Counsel's Role From Start to Close

A good M&A attorney isn't just a document drafter—they're a guide through the whole lifecycle: advising on the LOI, leading due diligence, recommending the structure, drafting and negotiating the agreements, coordinating consents and approvals, and managing a clean closing. They also help with the post-closing transition, when many integration and indemnification issues actually play out. That continuity is what keeps a complex deal from falling apart at the seams.

A Quick Example of What Counsel Catches

Picture a buyer acquiring a small manufacturing company. The price looks fair and both sides are eager to close. During due diligence, the buyer's attorney discovers two things the seller never mentioned: a key supply contract that terminates if the company changes ownership, and a pending employee lawsuit. Armed with that, the buyer restructures as an asset purchase to leave the lawsuit behind, negotiates an indemnity for the contract risk, and lowers the price. Without counsel, that buyer would have closed, lost the supplier, and inherited the litigation—paying far more than any legal fee.

Bring in Counsel Early—Not at the Finish Line

A common and costly mistake is hiring a lawyer only to "review the final documents." By then, the structure is set, terms are agreed, and an LOI may already constrain you. The biggest value comes early: shaping the letter of intent, planning due diligence, and choosing the structure before positions harden. Engaging counsel at the outset costs no more than engaging them late—and it's the difference between steering the deal and merely signing off on it.

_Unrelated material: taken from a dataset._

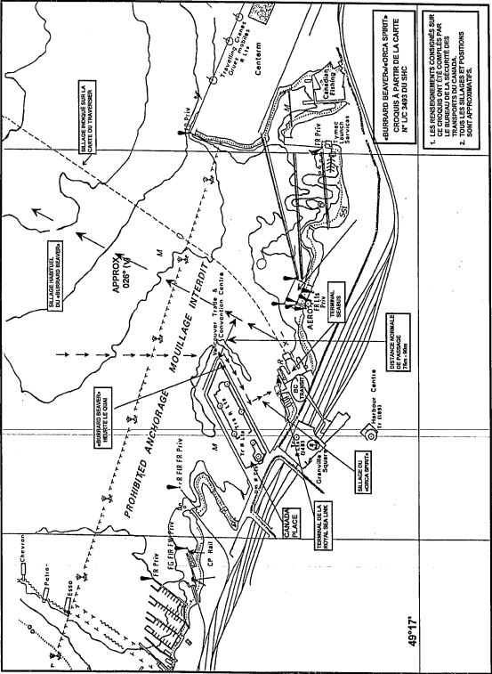 La route que le «ORCA SPIRIT» de la Royal Sea Link suit habituellement en approchant de son poste à quai apparaît sur la carte (voir l'annexe B). Lorsqu'il est en provenance du large et de First Narrows, ce traversier approche du coin nord-ouest du quai de Canada Place, puis suit une route parallèle à la face nord du quai. Ensuite, il contourne le coin nord-est et longe le côté est du quai de Canada Place. Une fois dans le bassin, il tourne et approche de son poste à quai du côté ouest du terminal SeaBus.

Frequently Asked Questions

What does due diligence mean in an acquisition?

It's the investigation into the target company before closing—reviewing contracts, debts, litigation, IP, employment, licenses, and taxes. Due diligence reveals hidden problems while you can still renegotiate, demand protections, or walk away.

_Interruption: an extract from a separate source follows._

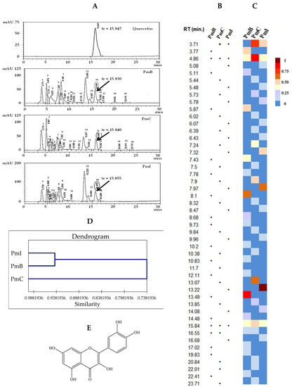 The profile obtained by HPLC showed qualitative and quantitative differences (Figure 6A). A total of 19, 20 and 15 peaks with a relative abundance according to the AUCs of 0.38–20.11%, 0.12–19.53% and 0.69–30.33% for PmB, PmC and PmI, respectively, was obtained. A general overview of the qualitative (Figure 6B) and quantitative (Figure 6C) compositions can also be visualized in the map. Among extracts, PmB and PmI resulted in closer chemical characteristics and constitute a cluster according to the obtained similarity dendrogram (Figure 6D). The results revealed that the flavonoid quercetin (Figure 6A,E) was identified in all the samples by comparison of its retention time and UV spectrum, although higher quantities were detected in the PmC extract (Figure 6C).

What's the difference between an asset purchase and a stock purchase?

In an asset purchase, the buyer acquires selected assets and can often leave most liabilities behind; in a stock purchase, the buyer acquires the entire entity and generally inherits its liabilities. Buyers usually prefer asset deals; sellers often prefer stock deals.

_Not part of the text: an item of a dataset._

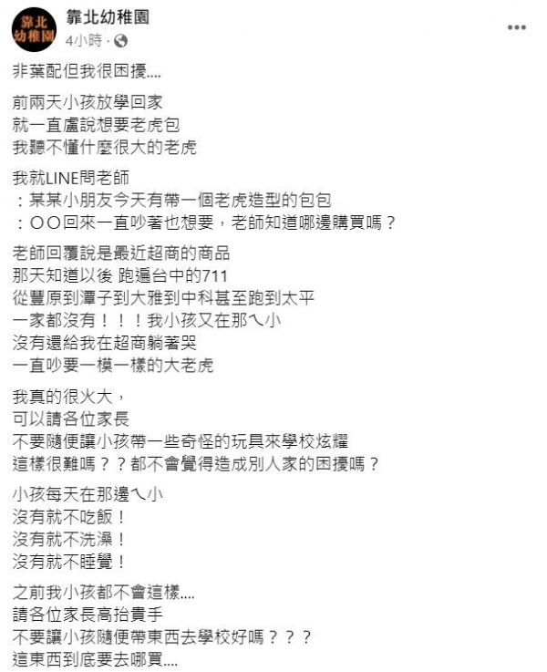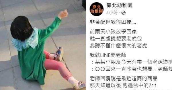 今(11)日一名媽媽透過臉書《靠北幼稚園》發文,她表示自己覺得很困擾,因為前幾天小孩從幼兒園回家後就一直吵鬧、「盧」想要老虎包,因為不了解來龍去脈便傳訊息詢問老師,才知道,原來是因為有小朋友帶了老虎造型的包包。事後她嘗試到許多地方找老虎包,但都沒有,結果小孩還是吵著要,甚至出現荒唐舉止,「沒有還給我在超商躺著哭,一直吵要一模一樣的大老虎。」

Do I really need a lawyer to buy a small business?

Yes. Even small deals carry hidden liabilities, structuring choices, and contract risks that can cost far more than legal fees. An attorney protects you through due diligence, structuring, and the agreements. Talk to an attorney before signing anything.


A merger or acquisition is too consequential to navigate alone. Legal counsel uncovers what you're really buying or selling, structures the deal to limit your risk, drafts the agreements that protect you, and steers the transaction to a clean close. The fees are modest next to the liabilities a lawyer helps you avoid—making experienced counsel one of the smartest investments you can make in any deal.